* TASK DATA:
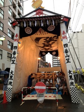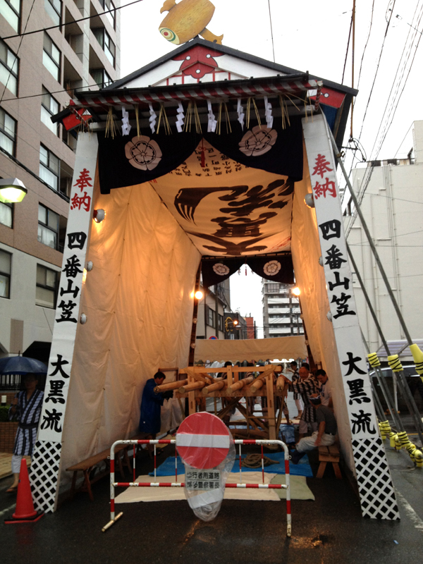 大黒流は、本日棒締めを行うため、朝9時から山笠台に舁き棒を据えて準備を行っていました。飾り付けは明日4日に行う予定です。
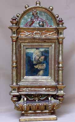madera, particularmente la delgadez de sus movidos paños y la fragilidad de las guedejas de sus cabellos. Pero, sin duda, donde la pieza llega a su mayor delirio barroco es en el revoloteo bajo de ángeles desnudos y en las expresiones de sus rostros. En cuanto a la escultura de San José nos atrae el dinamismo cerrado de su composición y la intensa expresión de los personajes, contrastando la mirada implorante al cielo del Patriarca y el dulce y profundo sueño del Niño Jesús. En ambas tallas destacan la delicadeza y la calidad de sus policromías, actualmente recuperadas en todo su esplendor tras de su reciente restauración.
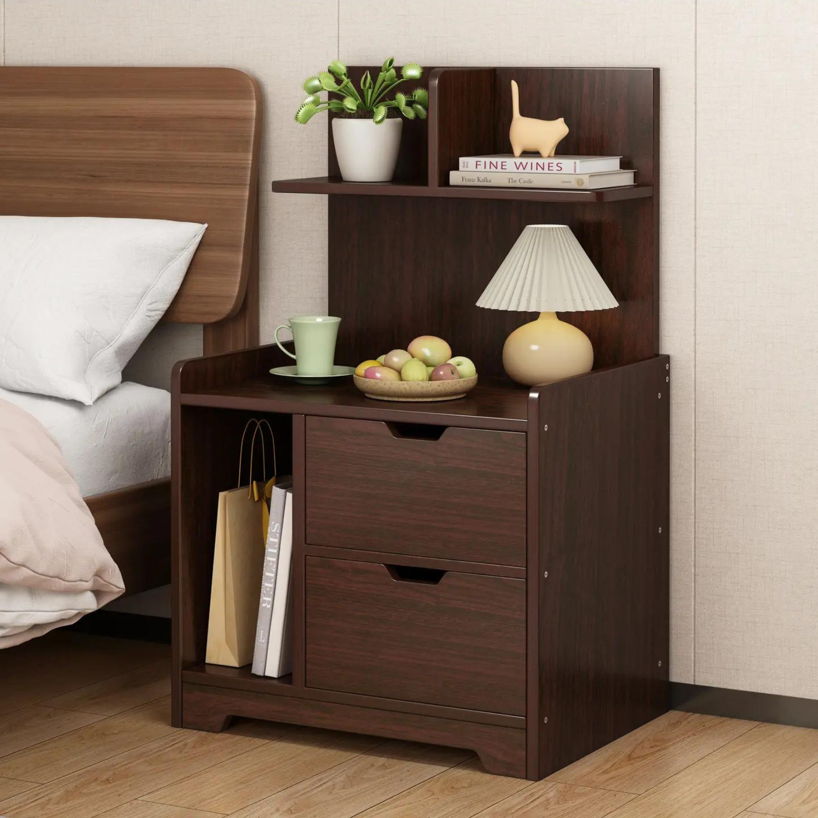 Utilizing vertical space, boasting impressive, large storage capacity, this charming piece of furniture has two spacious drawers and tall stylish shelves for extra storage and display options. Elegant style and unique intelligent design make the tall 2 drawer bedside chest with Shelves a must-have addition to your bedroom or living room. It has multiple uses, from a versatile side table to a handy bedside table for keeping your must-haves just an arm's length away.
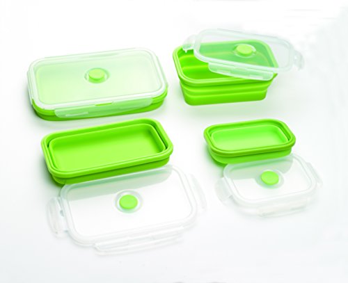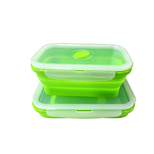 Wolecok - contenitori per alimenti in silicone pieghevole, riponibili in freezer e in forno, Silicone, Green, m
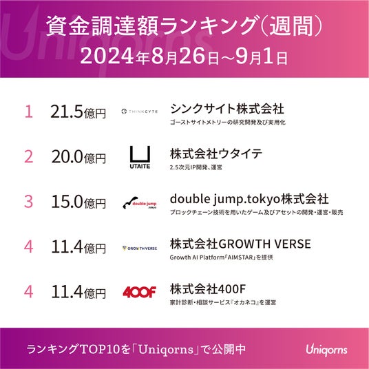 国内最大級のスタートアップメディア「Uniqorns(ユニコーンズ)」が2024年8月26日~9月1日のスタートアップ資金調達状況をランキング形式で発表
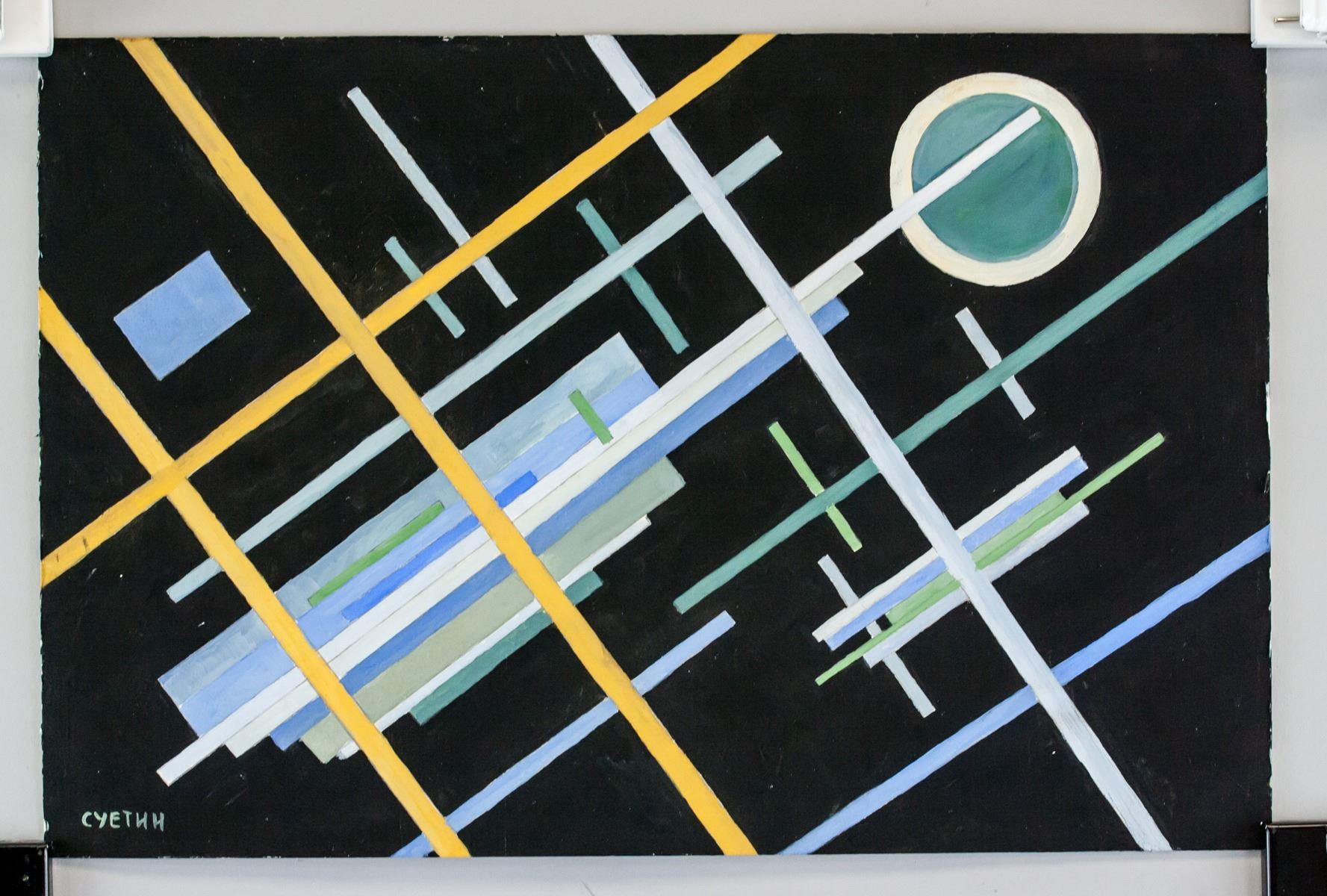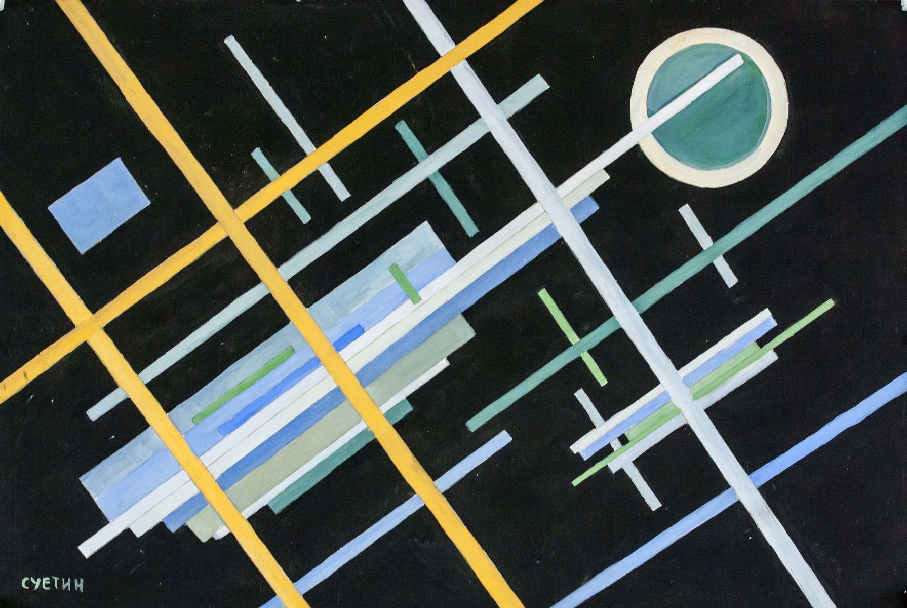 Goucahe on paper. Featuring a suprematist composition. Signed in Russian Cyrillic on the lower left corner. Attributed to Ilya Chashnik (1902-1929, Russian). 20 x 30 cm (8 x11.75 inches). PROVENANCE: This item has limited provenance from a Southern Ontario estate

* ACTIVITY: Aside from the pictures, copy all of the entries exactly.

* TASK RESPONSE:
 大黒流は、本日棒締めを行うため、朝9時から山笠台に舁き棒を据えて準備を行っていました。飾り付けは明日4日に行う予定です。
madera, particularmente la delgadez de sus movidos paños y la fragilidad de las guedejas de sus cabellos. Pero, sin duda, donde la pieza llega a su mayor delirio barroco es en el revoloteo bajo de ángeles desnudos y en las expresiones de sus rostros. En cuanto a la escultura de San José nos atrae el dinamismo cerrado de su composición y la intensa expresión de los personajes, contrastando la mirada implorante al cielo del Patriarca y el dulce y profundo sueño del Niño Jesús. En ambas tallas destacan la delicadeza y la calidad de sus policromías, actualmente recuperadas en todo su esplendor tras de su reciente restauración.
 Utilizing vertical space, boasting impressive, large storage capacity, this charming piece of furniture has two spacious drawers and tall stylish shelves for extra storage and display options. Elegant style and unique intelligent design make the tall 2 drawer bedside chest with Shelves a must-have addition to your bedroom or living room. It has multiple uses, from a versatile side table to a handy bedside table for keeping your must-haves just an arm's length away.
 Wolecok - contenitori per alimenti in silicone pieghevole, riponibili in freezer e in forno, Silicone, Green, m
 国内最大級のスタートアップメディア「Uniqorns(ユニコーンズ)」が2024年8月26日~9月1日のスタートアップ資金調達状況をランキング形式で発表
 Goucahe on paper. Featuring a suprematist composition. Signed in Russian Cyrillic on the lower left corner. Attributed to Ilya Chashnik (1902-1929, Russian). 20 x 30 cm (8 x11.75 inches). PROVENANCE: This item has limited provenance from a Southern Ontario estate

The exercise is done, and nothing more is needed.